Malo es hijo de Jean, francés, y Leïla, de origen marroquí. La paternidad, lejos de consolidar su relación, sume a Jean en una crisis de inseguridad, y termina separándose de Leïla. Cuando Malo tiene seis años, ante la dificultad para atenderlo en el mes de agosto, deciden dejarlo con el padre de Jean, que vive alejado de la civilización junto al lago Lacanau.
El Viejo, o Yayo Paria, como quiere que le llame su nieto, es un cascarrabias, pero la convivencia con Malo, a quien en el fondo adora, termina por romper la coraza con la que se defiende de un mundo que casi le resulta irreconocible por los avances tecnológicos. Echa en falta una época en la que “todo era novelesco, quizá porque también lo era el arte, porque los cineastas, los escritores y los cantantes celebraban el amor, la vida y la aventura. En resumidas cuentas, me gustaba más antes, y en los trenes, como en todas partes, se podían abrir las ventanas y entraba el viento, olía a paisaje, al balasto y a los andenes de la estación por la noche, no sé, la vida era una fiesta a la que todo el mundo se sumaba, como uno se lanza al agua”.

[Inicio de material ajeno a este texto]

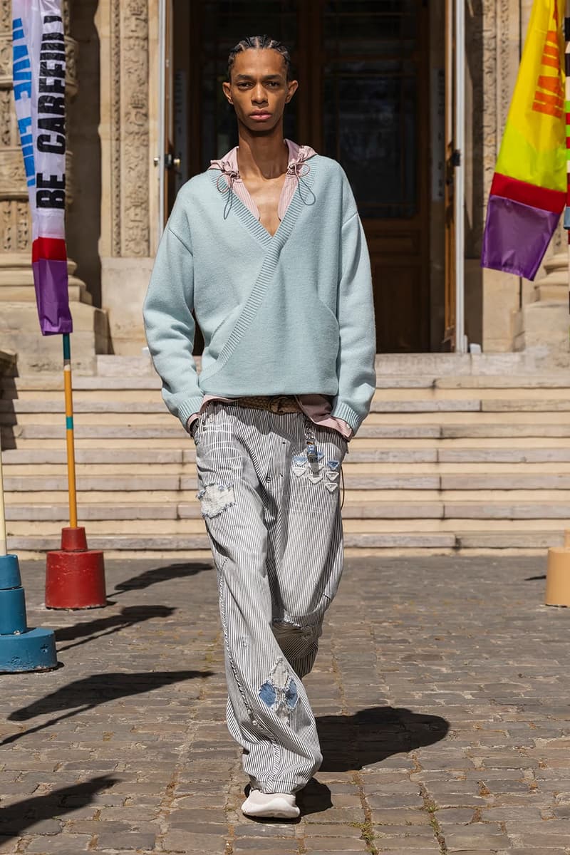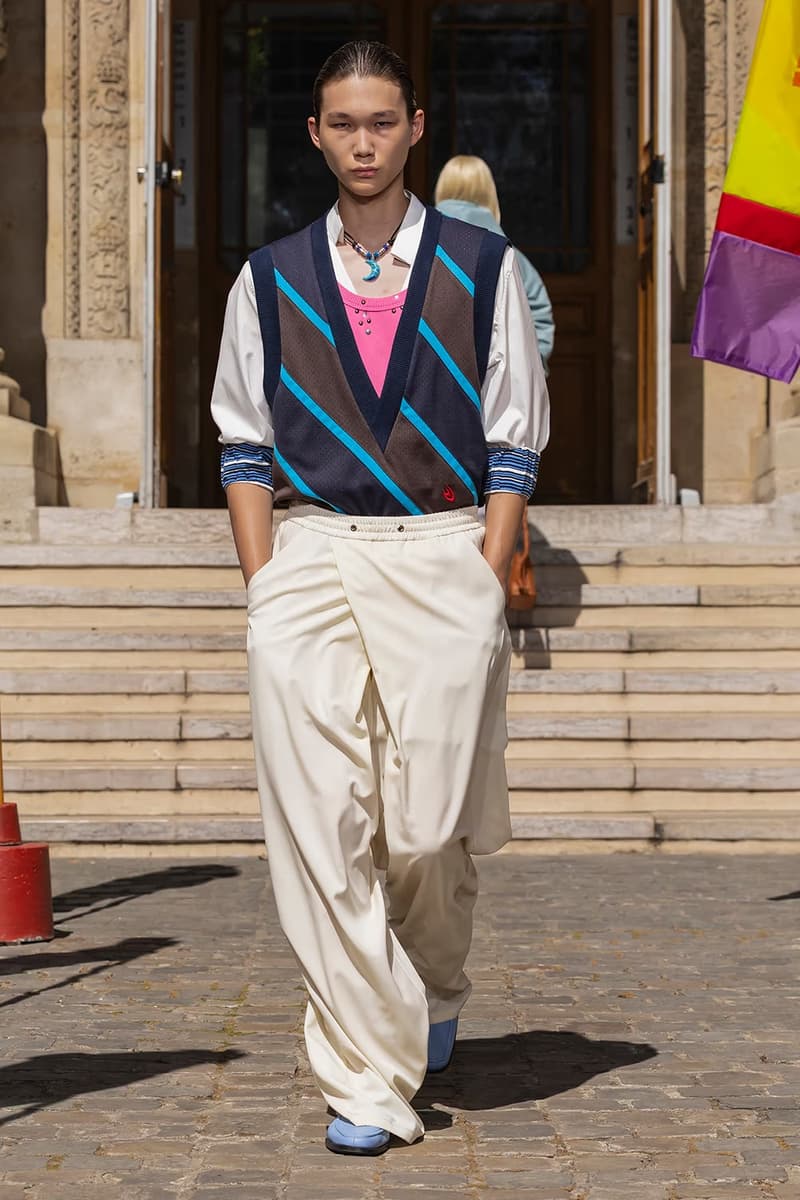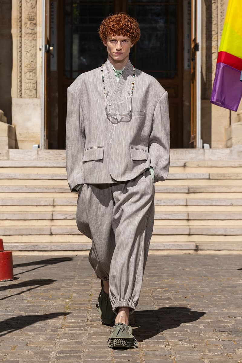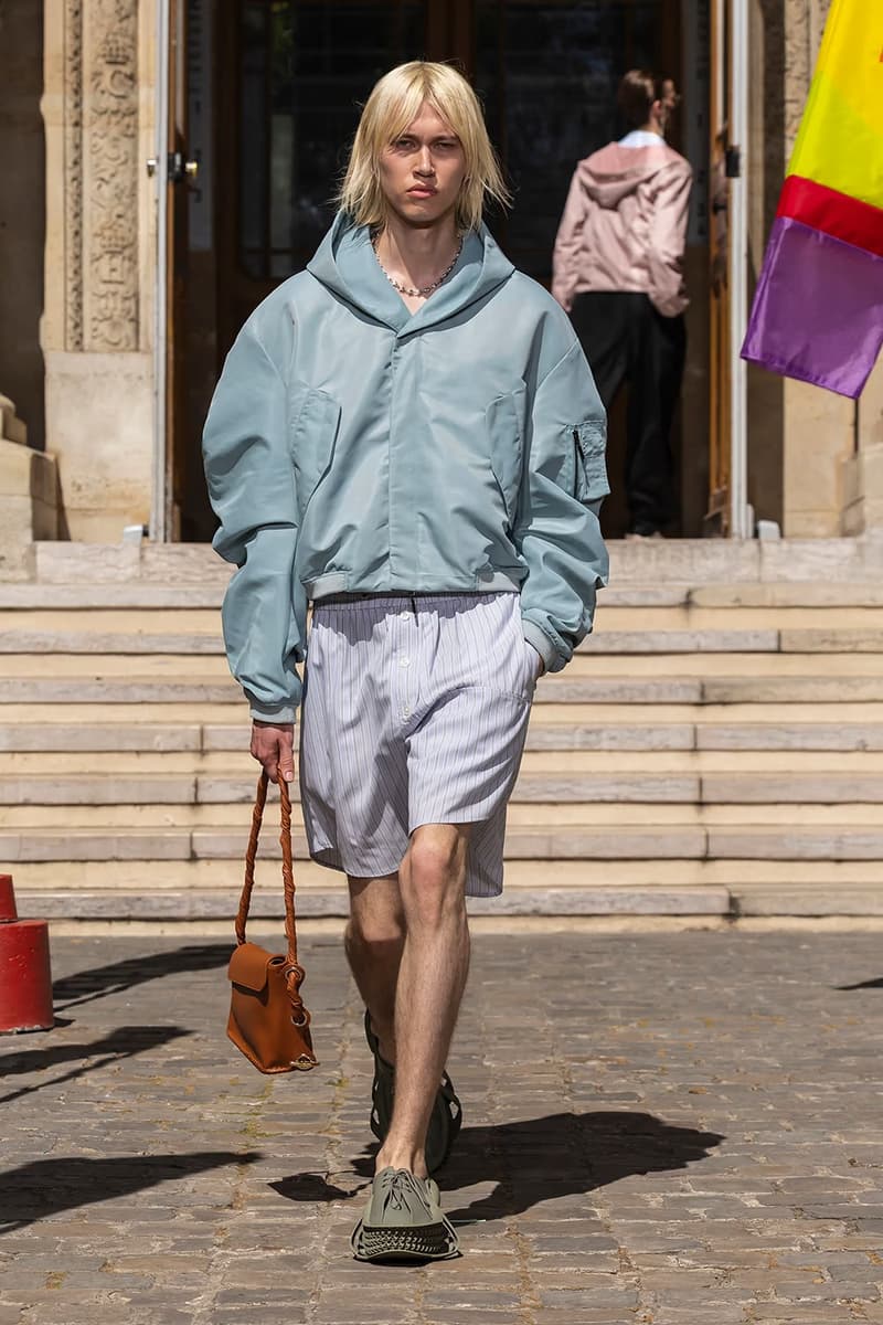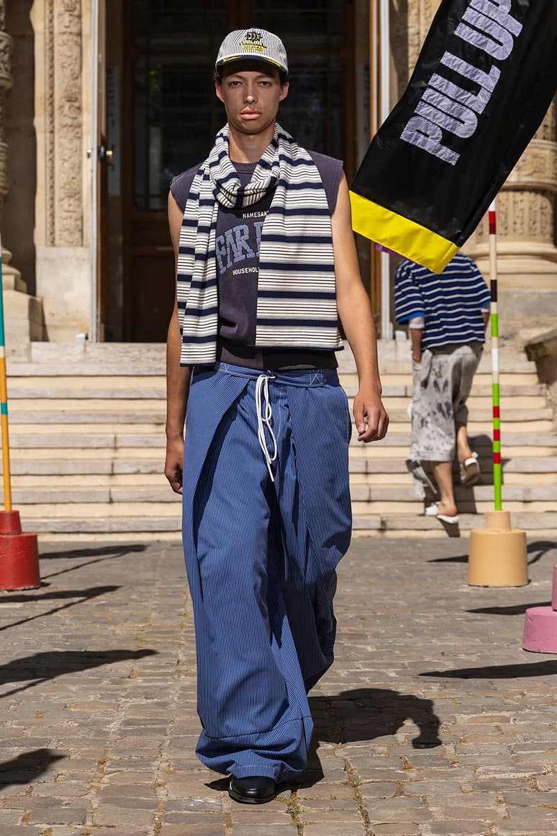 NAMESAKE 2026 春夏系列大秀「INNERCHILD」正式巴黎时装周。 本季灵感取材自《Stand by Me》、《This Boy’s Life》、《Jerry Maguire》等经典成长电影,把服装变成一座可以穿上的情感游乐场,陪大家再次连结内心那个最真实的自己。校服、童子军服、球衣等成长过程中的「制服」,经过拆解重组后,以当代的视角重新演绎;从童年笔记本得到灵感的涂鸦、拼贴、错落的布章,成为藏在细节里的小巧思。它们不是角色扮演的戏服,而是能带着走的护身符,时时提醒我们:人生的美好,从来不该被设限在目的地。 「INNERCHILD」的布料选择也是一场贴近情感的实验。技术纤维与感官记忆交织,像是水痕、条纹、海洋意象的提花面料,呼应那些曾经在海边度过的无忧日子,从喷泉跑过后裤脚溼答答、从笑声里被风掀起的衬衫,这些触感都被织进每块布料里。 以运动的流动感为灵感,服装的轮廓强调肢体的自然记忆与本能快乐。弹性抽绳、可调节细节、自然的褶皱,呼应孩子们自在乱跑的随兴,衣服的线条时而延展、时而收放,如同童年的想像力一样毫无拘束。从球场到操场,从森林小径到情感的觉醒,这一季用服装去诠释「快乐即表达」。 配件成为陪伴旅途的信物,包款融合海上装备、邮差包与复古运动袋的元素,实用却充满故事性;小巧的皮革饰件呼应冠军旗帜、船只信号与胜利奖牌,像是为努力过的每一刻留下的纪念。船只结构里的挂钩、扣环、铆眼,被安放在包款与细节中,皮革绳索如同编织绳结,把这季的精神再次系回那双曾经撑起船只、也连结海洋的手。 鞋款设计从品牌最私密的故事开始,鞋面上细腻的折痕、粗蜡绳般的质地与无鞋带轮廓,像是被翻阅过无数次的童军笔记本,见证一段段冒险的痕迹。麂皮质地与仿旧刷色向父亲致敬,鞋身上的数字「3」则低调呼应兄弟之间的羁绊,特制的 3D 列打印鞋底从球场延伸到街头,提醒我们:快乐从没走远,它一直静静的留在我们曾踏过的足迹里。此外,部份造型亦搭配 HUGO FORWARD 与 Zellerfeld 携手合作的 3D 打印乐福鞋,这款鞋以 100% 可回收 TPU 单次列印成型,结构轻盈、快干易清洗,与《INNERCHILD》「随兴但用心」的精神如出一辙,让每一步都能自在延伸成故事。 本季色彩在褪色的缤纷中藏着航海般的蓝绿、柔软的黄色、粉白的红色,彷彿是旧游乐设施、手绘墙面与午后阳光里褪色的暑假。从 Diane Simpson、Maria Appleton、Thomas Demand 的作品,到《Playgrounding》、《Playground》等书籍,NAMESAKE 把全球对「游戏」与「公共快乐」的观察,化成一种柔软却坚定的视觉线索。 此次秀场特别邀请格莱美获奖饶舌歌手暨制作人 Roddy Ricch 担任音乐总监,跨界打造原创配乐,这也是他少数以全新音乐创作介入时尚秀场的尝试。Roddy 与 NAMESAKE 创意总监 Steve Hsieh 共同重新想像伸展台,把它变成一座专属于回忆的声音场景,将未公开的曲目与个人经典作品片段重新编排,像一扇通往心里那扇门的钥匙,当音乐与服装一起流动时,旋律跟着轮廓呼吸、涟漪、扩散,唤醒每个人心里那块没被遗忘的童年。 巴黎男装周的现场,NAMESAKE 将传统秀场变成一个带有幽默感与脆弱感的情感空间,由知名概念艺术家 PZ Opassuksatit(PZtoday)担任装置艺术家,她擅长以空间说故事,这次邀请宾客放下心防、找回好奇心。观众席由一座座色彩缤纷的泳圈堆叠而成,就像童年游戏里的色彩,头顶悬挂的风管上,印着曾在水上乐园听过的大人叮咛,原本严厉的责骂如今成了耳边的呢喃。现场还以一块看似企业感十足的巨型告示牌作结,只写着一句直球提问:「HAVE YOU EVER PEED IN THE POOL? (你有在泳池小便过吗?)」,幽默又真实,提醒我们再体面,也都是从荒谬中长大的。 在这个催促人们加速长大的时代,NAMESAKE 2026 春夏系列「INNERCHILD」选择放慢脚步,邀请大家回头看看那个还没被世界磨平棱角的自己。这一季,NAMESAKE 带领大众找回那些最直觉也最短暂却强烈的快乐:水上乐园里的飞溅、游乐场上的探险、球场上赢得一分的骄傲、或是陌生人不经意的一句称赞。这些瞬间,或许早已成为记忆的一部分,却也从未真正离开过。这一季,我们重新为它们打开一扇门。 然而,「INNERCHILD」并不是单纯的怀旧逃避,而是正视「我们是怎么与从前的自己拉开距离」。当我们逐渐长大,清晰往往被复杂取代,快乐也不再单纯直觉,而是多了许多前提。NAMESAKE 透过本季提问:「如果幸福从未离开,只是换了一种模样呢?」 |

La novela, a través de unos personajes algo planos, critica desde el sentido común la sociedad de consumo y el despilfarro, las redes sociales, la sobreprotección de los niños. Para D’Épenoux, el ideal es una vida en contacto con la naturaleza, en la que uno puede aprender “qué es un banco de arena, para qué sirve el carrizo, cómo se recoge la resina, de qué se alimenta un martín pescador, porqué el agua del lago es dulce y no salada, cómo se repara un neumático pinchado o la hora a la que salen los erizos”.
Los abuelos tienen una palabra importante que decir en la educación de los hijos y no podemos desperdiciar la sabiduría que se acumula en las tradiciones que unas generaciones transmiten a otras.
El despertar del corazón, que obtuvo en 2014 el premio Maison de la Presse, otorgado por los libreros franceses, es una novela agradable, sencilla de leer, con un mensaje positivo y unas gotas de nostalgia.